Las Casas, Sepulveda
and the Great Debate

by Ronald A. Barnett
Part Two
In 1550-1551 a public debate was held in Valladolid, Spain, between Las Casas, chief spokesman for the Indians of New Spain, and his opponent, Sepulveda, who regarded the Indians as subhuman and therefore subject to the superior races–slaves; Indians committed crimes against nature, namely idolatry, sodomy, and cannibalism; Indians sacrificed innocent people in sacrificial rites; finally, Indians were infidels who could be converted to Christianity only by force.

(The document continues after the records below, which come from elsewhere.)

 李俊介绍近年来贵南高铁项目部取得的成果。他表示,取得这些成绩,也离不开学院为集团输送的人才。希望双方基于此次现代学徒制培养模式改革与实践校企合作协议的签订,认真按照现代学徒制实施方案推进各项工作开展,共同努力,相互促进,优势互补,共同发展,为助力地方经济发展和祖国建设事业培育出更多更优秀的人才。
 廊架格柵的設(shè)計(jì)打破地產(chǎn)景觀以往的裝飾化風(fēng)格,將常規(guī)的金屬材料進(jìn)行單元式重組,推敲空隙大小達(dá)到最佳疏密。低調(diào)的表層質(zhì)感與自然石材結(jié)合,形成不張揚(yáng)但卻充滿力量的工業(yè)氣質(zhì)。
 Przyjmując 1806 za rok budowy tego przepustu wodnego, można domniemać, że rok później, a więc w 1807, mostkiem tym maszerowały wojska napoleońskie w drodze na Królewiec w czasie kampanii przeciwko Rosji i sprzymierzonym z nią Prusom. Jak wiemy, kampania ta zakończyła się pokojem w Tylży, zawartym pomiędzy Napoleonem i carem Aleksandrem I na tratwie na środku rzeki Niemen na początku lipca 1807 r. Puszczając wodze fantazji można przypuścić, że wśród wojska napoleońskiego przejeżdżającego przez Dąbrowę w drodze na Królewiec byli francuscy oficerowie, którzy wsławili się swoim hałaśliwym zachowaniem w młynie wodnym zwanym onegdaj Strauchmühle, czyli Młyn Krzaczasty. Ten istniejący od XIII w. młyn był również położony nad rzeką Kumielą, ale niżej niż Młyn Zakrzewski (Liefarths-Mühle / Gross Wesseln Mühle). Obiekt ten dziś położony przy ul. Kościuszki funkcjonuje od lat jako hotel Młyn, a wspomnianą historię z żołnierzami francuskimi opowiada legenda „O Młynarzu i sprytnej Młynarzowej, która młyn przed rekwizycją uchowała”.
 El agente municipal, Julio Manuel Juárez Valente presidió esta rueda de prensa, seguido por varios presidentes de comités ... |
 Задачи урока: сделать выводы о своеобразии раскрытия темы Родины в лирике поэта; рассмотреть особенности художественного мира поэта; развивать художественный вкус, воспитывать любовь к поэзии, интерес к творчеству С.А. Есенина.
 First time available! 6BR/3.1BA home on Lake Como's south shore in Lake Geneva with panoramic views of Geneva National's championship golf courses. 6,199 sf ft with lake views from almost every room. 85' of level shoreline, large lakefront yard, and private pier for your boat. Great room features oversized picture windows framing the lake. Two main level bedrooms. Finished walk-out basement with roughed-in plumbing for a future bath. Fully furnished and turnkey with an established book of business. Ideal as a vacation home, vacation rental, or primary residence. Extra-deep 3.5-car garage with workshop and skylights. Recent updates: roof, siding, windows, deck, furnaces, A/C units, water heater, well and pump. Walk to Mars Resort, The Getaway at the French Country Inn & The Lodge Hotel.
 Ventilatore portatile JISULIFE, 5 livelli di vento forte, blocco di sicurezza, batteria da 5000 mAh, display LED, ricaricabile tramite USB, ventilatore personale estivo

Las Casas countered first with a four-part definition of barbarism. Then he argued that the Indians of New Spain did not fall under Sepulveda’s definition of barbarism and were therefore, not inferior to civilized peoples nor were they necessarily subject to the superior races. Moreover, Aristotle’s Theory of Natural Slavery, invoked by Sepulveda did not apply to the Indians of New Spain because the Indians lived in harmonious and organized communities and had a form or written language, although as pagans, they needed help from the Spaniards to save their souls.

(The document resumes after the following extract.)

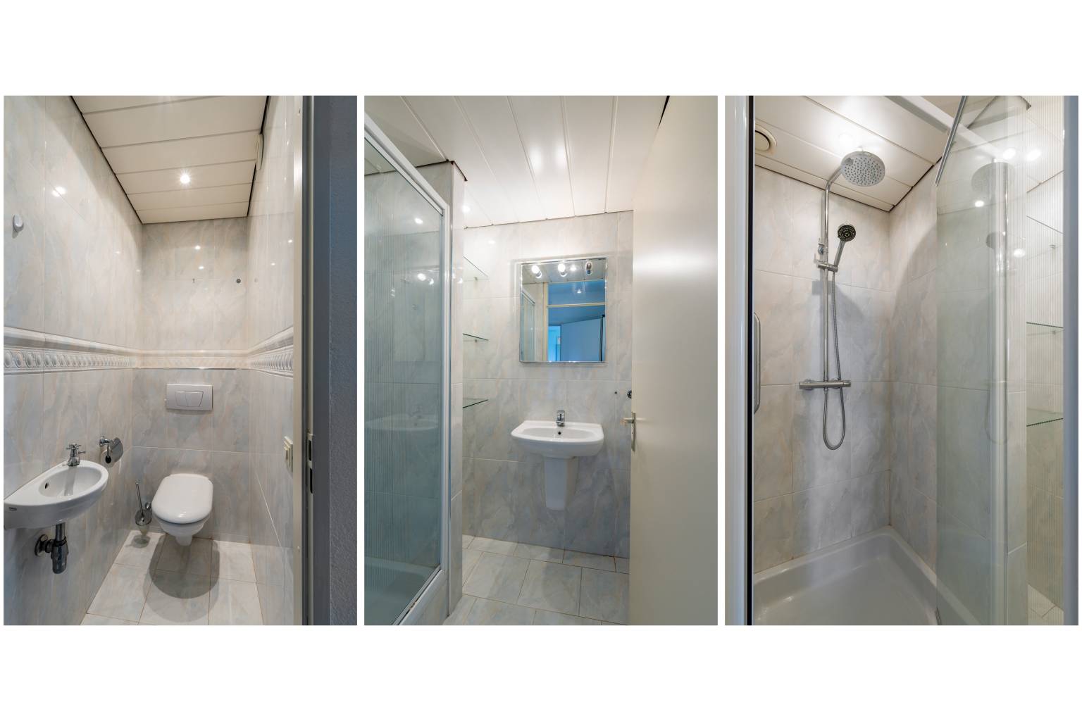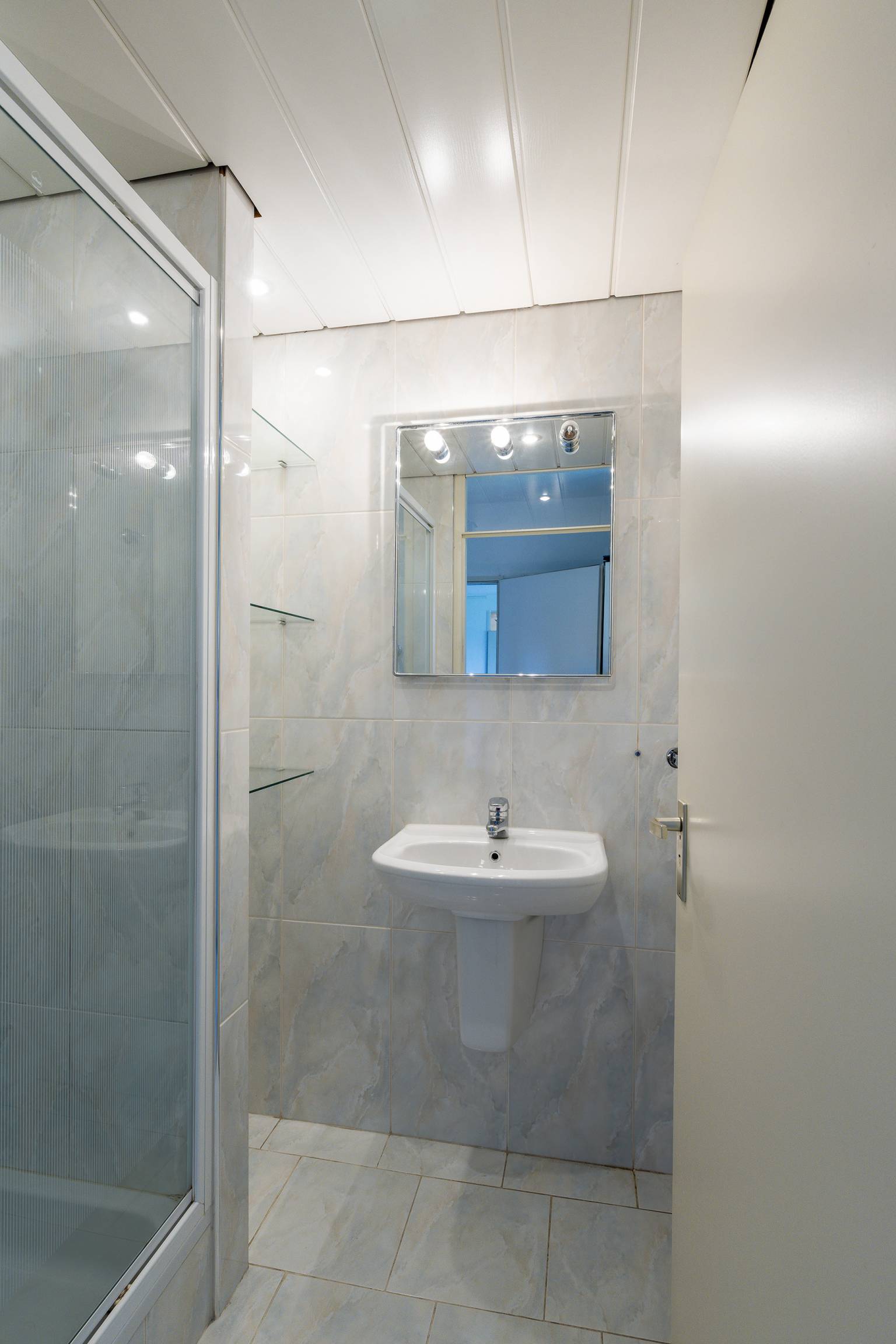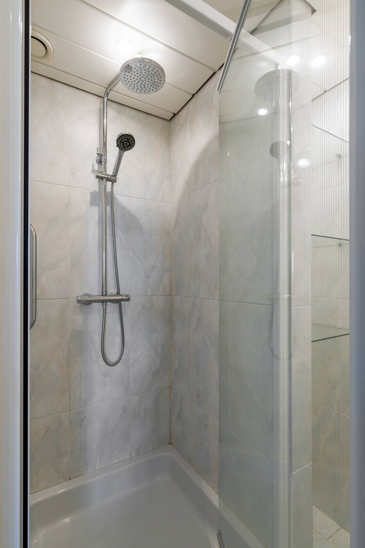 De eerste badkamer is volledig betegeld en uitgerust met een douchecabine, een wastafel en een plafond dat is voorzien van inbouw spots.

Las Casas’ main defense of the Indians and the most difficult part of his argument involved idolatry, human sacrifice, and the use of Biblical scriptures in the Great Debate. Las Casa began by declaring that the Indians, while admittedly pagan, could not be classified as heretics who had dissented against the Roman Catholic faith. Consequently, Indians did not fall under the jurisdiction of Pope Paul III or King Charles V and so could not be punished for crimes against nature, including idolatry or human sacrifice. This counter-argument was particularly important because the early Conquistadores and Spanish missionaries were so horrified at the worship of what they regarded as “idols” and the Aztec practice of human sacrifice that they felt perfectly justified in dealing with the Indians in any way they saw fit.

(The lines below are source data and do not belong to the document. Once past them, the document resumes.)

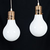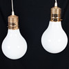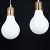 Mässingsfäste och vit glaskupa.
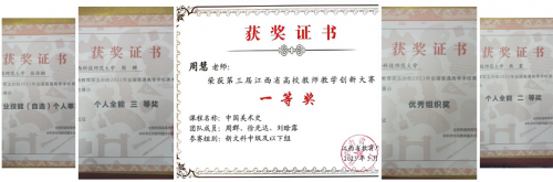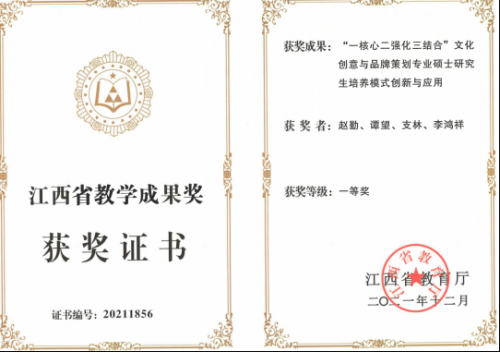 2 | “一核心二强化三结合”文化创意与品牌策划专业硕士研究生模式创新与应用 | 江西省教学 成果奖 | 省级一等奖 | 2021年 |
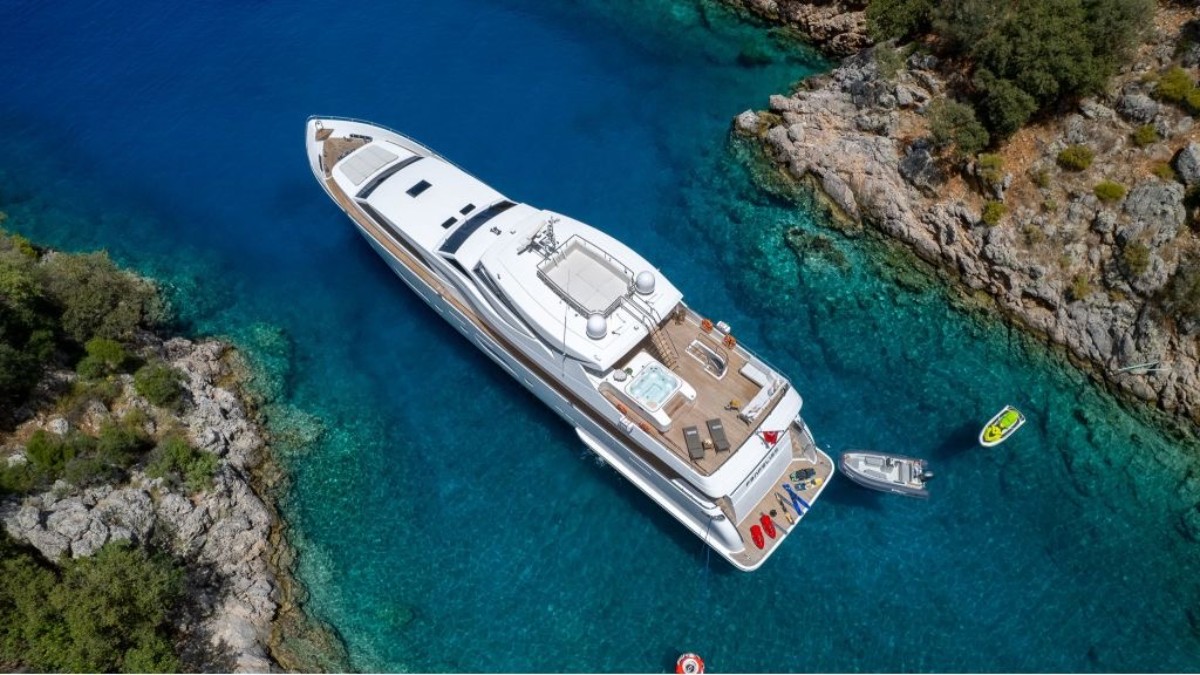 Panfeliss is a 37.50 metre luxury motor yacht custom built by Mengi-Yay in 2009 and extensively refitted in 2021, available for premium yacht charter from Bodrum and Turkish waters.

The cultural gap between the Spaniards and Indians was so wide that the Spaniards could not possibly understand, much less accept, the Aztec concept of human sacrifice as a means of preserving the universe. Furthermore, Spanish missionaries were greatly perplexed by the similarities between many Aztec practices and the rites of the Catholic church. For example, the Eucharist of the Catholic church and the Aztec concept of ixiptlatl had much in common, for they both involved a form of personification. In the former, the bread and wine were not simply symbols of the body of Christ, but the actual flesh and blood of Jesus (transubstantiation), at least for devout Catholics, in the latter the priest who danced in the skin of the flayed human sacrifice personified the deity he was representing (ixiptlatl) at least in the minds of the believers. The Spaniards regarded the Aztec practice as sinful idolatry. The only difference was that the Spaniards had the weapons to convince the Aztecs they were wrong and that the Spaniards were right.
Las Casas’ response was crucial to his whole defense of the Indians, for it involved acknowledging, if not justifying, idolatry and human sacrifice as it was practiced by the Aztecs. Granted that human sacrifice is wrong, so the argument went, it can nevertheless, perhaps be explained by the circumstances in which the Indians found themselves during the 16th century. In any case, the Indians were pagans, not heretics and were therefore to be converted to Christianity by peaceful means and not violently punished for their lack of faith in the Catholic church. Here Las Casas made perhaps his greatest concession as a Dominican priest, for he acknowledged that idolatry and human sacrifice were lesser evils than war, which should be avoided at all cost. The Indians were evolving and therefore needed to be converted, not killed, thus overturning Sepulveda’s previous argument that war was necessary to convince the Indians because in the Bible Jesus is said to have forced guests to attend the wedding feast. Las Casas replied that while the Bible could indeed be interpreted in different ways one should not completely distort the meaning of the scriptures.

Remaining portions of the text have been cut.